I was reading something yesterday that struck me as interesting. It was about a far right fringe group I hadn't heard of before, by the name of "Nativists." This faction is described by the author as anti-immigrant, afraid about seeing "the American way of life threatened with ruination by the hordes of immigrant poor," those "flooding into the country, bringing with them their ignorance" and their heathen religion. In one town, an angry mob of followers had attacked an immigrant's house of worship, burning it to the ground.
Stories like this are always so despicable to me, not just for the obvious reasons of being against the human spirit and decency, but in part too because it always seem to hide behind the cloak of the purity of Original Americanism. Supposedly being the Real Patriots. When in fact it's against most everything patriotic that America stands for.
“We hold these truths to be self-evident, that all men are created equal.”
“Send these, the homeless, tempest-tost to me, I lift my lamp beside the golden door.”
“The home of the free, the land of the brave.”
I suspect that there are some on the far right who will nod approvingly at what concerns the Nativists, perhaps not supporting their violent actions, though perhaps so, since we've seen burnings of the Koran and efforts trying to suppress irrational concerns of Sharia law.
But while those who think the goals and efforts are, at the very least, understandable, it's important to note that I left something out of the story.
The passage doesn't come from a newspaper, but rather David McCullough's book, The Greater Journey: Americans in Paris, and it concerns a movement in the United States in 1840. Moreover, who the immigrants were and what the religion was are not precisely what you might have presumed.
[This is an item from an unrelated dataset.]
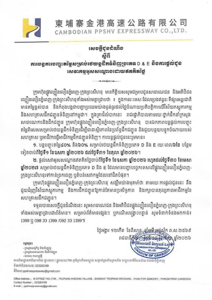 ក្នុងសេចក្តីជូនដំណឹងចុះថ្ងៃទី២៨ ខែមេសា ក្រុមហ៊ុនផ្លូវល្បឿនលឿនភ្នំពេញ-ក្រុងព្រះសីហនុ បានបញ្ជាក់ ថាក្នុងកាលៈ​ទេសៈ​ដែលប្រេងឥន្ធនៈទីផ្សារអន្តរជាតិ មានតម្លៃខ្ពស់បាន និងកំពុងបង្កជាបញ្ហាប្រឈមយ៉ាងធ្ងន់ធ្ងរ ដល់ថ្លៃចំណាយប្រតិបត្តិការ​លើវិស័យភស្តុភារកម្ម និងសហគ្រាសដឹកជញ្ជូនទំនិញនៅកម្ពុជា រាជរដ្ឋាភិបាលតាមរយៈថ្នាក់ដឹកនាំក្រសួង សាធារណការ និងដឹកជញ្ជូន ក្រុមហ៊ុនផ្លូវល្បឿនលឿនភ្នំពេញ-ក្រុងព្រះសីហនុ បានឯកភាពបន្តផ្តល់ការបញ្ចុះ តម្លៃពិសេសសម្រាប់រថយន្តដឹក​ទំនិញ ដើម្បីធានាស្ថិរភាព នៃប្រព័ន្ធដឹកជញ្ជូន និងជួយបន្ថយបន្ទុកចំណាយរបស់ សហគ្រាស ឬអាជីវករធ្វើអាជីវកម្មដឹក​ជញ្ជូនទំនិញ ។
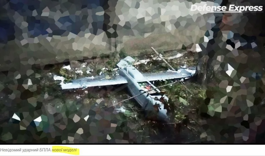 Από δικές της πηγές, η πύλη Defense Express έλαβε πρόσθετες φωτογραφίες αυτού του καταρριφθέντος drone. Με βάση αυτά, μιλάμε για UAV με πιθανό άνοιγμα φτερών άνω των τεσσάρων μέτρων, πτέρυγα σε δοκούς, ωστήριο και άτρακτο με τετράγωνο προφίλ.

The ignorant, immigrant hordes the Nativists were referring to who they said threatened the ruination of America were the Irish, Italians and Germans, and the hated "Romish" religion was the Catholic Church.
As George Santayana famously wrote, "Those who cannot remember the past are condemned to repeat it."
For those who never quite knew or believed what he was referring to -- there you have the explanation.
Or as I not-famously at all write, it's so much easier to demean others and stir up hatred out of pure hatred of your own or fear or racism or ignorance when you don't realize that that the very same arguments you're using against others are demeaning those who you support, if not you yourself.
By the way, lest anyone suggest that the comparisons aren't apt since, after all, it was those of the Muslim faith who actually attacked the U.S., I merely grab hold of that pesky history bag and remind of our fighting Germany in World War I, and both Germany and Italy in World War II. Those wars might be "after the fact," but in today's parlance that would make the immigrants of the 1840 "sleeper cells."
Of course, the only war the United States fought with Mexico was when the we took Texas from them. Other than that, it's been a pretty peaceful co-existence with bordering neighbors.
Anyway, the next time you hear someone on the far right outraged at ignorant immigrants, the poor, and with unfamiliar religions, just remember you might have heard that song before. And before. And before. And...
Some people happily remember the song though -- it's like that nagging tune you hear on the clock-radio when you wake up and can't get it out of your head -- and have learned how to deal with others unfamiliar to them and live in peace. While others are condemned to repeat themselves and live in their own gut-wrenching, small-minded, thoughtless angst -- trying to keep churning up hatred in others, all the while wrapped up in a mean-spirited, fake American flag pin of faux-patriotic imagery, whether as Nativists, America First, the Tea Party, FreedomWorks, or the always safe standby, just plain, old "Real Americans."
As John Prine wrote, “Your flag decal won’t get you into heaven anymore.”
P.S. If Mexico would like to take Texas back, it's okay with me.
Robert J. Elisberg is a political commentator, screenwriter, novelist, tech writer and also some other things that I just tend to keep forgetting.